Я замялась, потом ответила, как когда-то слышала от отца:
— Папа говорит, что если человек любит, он многое делает для того, кого любит. Он дарит маме цветы, шоколад, чтобы она была счастлива.
Дэймон немного подумал, прищурился.
— Тогда я подарю тебе мармеладный дом. Огромный! Когда вырасту.
— Обещаешь? — спросила я, широко распахнув глаза.
— Обещаю. А ты пообещай, что выйдешь за меня.
Я протянула ему мизинец.
— Обещаю.
И в тот момент мне казалось, что это клятва нерушима. Что ни время, ни беда, ни сама жизнь не смогут стереть эти слова.
Я обещаю.
После той проклятой ночи изменилось всё.
Я больше не увидела свою маму.
Не могла увидеть.
Не могла услышать её голос.
Не могла вдохнуть её знакомый, тёплый запах лаванды.
Она ушла. И вместе с ней ушло всё хорошее, что у нас было.
Дом...
Он больше не был домом. Он стал пустой шкатулкой без драгоценностей. Холодной, бесполезной, будто выжженной изнутри.

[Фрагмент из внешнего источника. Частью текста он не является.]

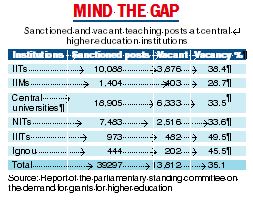 A report by the standing committee on education, headed by BJP member Vinay Sahashrabudhe, shows that more than a third of sanctioned teaching posts are vacant in central higher education institutions.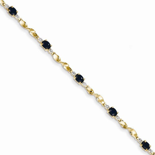 14K Yellow Gold Diamond and Sapphire Oval Bracelet

Люди внутри тоже изменились.
Жюльен перестал ходить в школу.
Он больше не говорил с отцом. Вообще. Ни слова.
Он винил его. Я видела это в каждом взгляде, в каждом молчании, в каждом его исчезновении. Он приходил домой поздно, иногда — с ссадинами. Никто не спрашивал, где он был.
Папа...
Он стал тенью. Пил. Молчал. Вечно сидел в своём кабинете, будто пытался спрятаться от всего. От боли. От вины. От нас.
А меня…
Меня отрезали.
Мне запретили общаться с Дэймоном.
Без объяснений. Без права на «почему».
Просто однажды отец сказал, что я больше не должна с ним встречаться. И всё.
Меня перевели в другую школу. Далеко.
Там никто не знал, кто я. Никто не знал, кем была моя мама. Никто не вспоминал ту ночь.
Но и никто не знал Дэймона.
Никто не знал меня настоящую.
Я исчезла.
Словно меня больше не существовало.
Как будто вместе с мамой похоронили и ту весёлую, жизнерадостную девочку, что когда-то бежала по саду к своему рыцарю в футболке с динозавром.
Но всё же сдаваться я не хотела.
Я уже потеряла маму. И терять ещё одного важного для меня человека — не собиралась.
Несколько раз я тайком возвращалась в ту старую школу.
Становилась у ворот. Смотрела на здание, будто он вот-вот появится, засмеётся, махнёт мне рукой.
Но он не появлялся.
Я попыталась спросить у его друзей — у тех мальчишек, что бегали с нами по саду, дразнили лягушек, прятались от взрослых.
Они переглянулись и ответили неуверенно, будто не до конца сами понимали:
— Дэймона отправили за границу.
На этом мои поиски закончились.
А вместе с ними — и мои надежды.
Я не плакала.
Просто внутри всё будто вымерло. Как будто ещё одна часть моего мира вылетела из гнезда и разбилась о землю.
Прошли годы.
Пустые, бесцветные, как дни без солнца.
Жюльен становился всё мрачнее. Папа — всё холоднее.
А я... училась молчать. Училась прятать боль. Училась быть сильной.
Потому что слабым в этом доме места больше не было.
Но потом всё вдруг изменилось.
Когда я училась в пятом классе, папа снова женился.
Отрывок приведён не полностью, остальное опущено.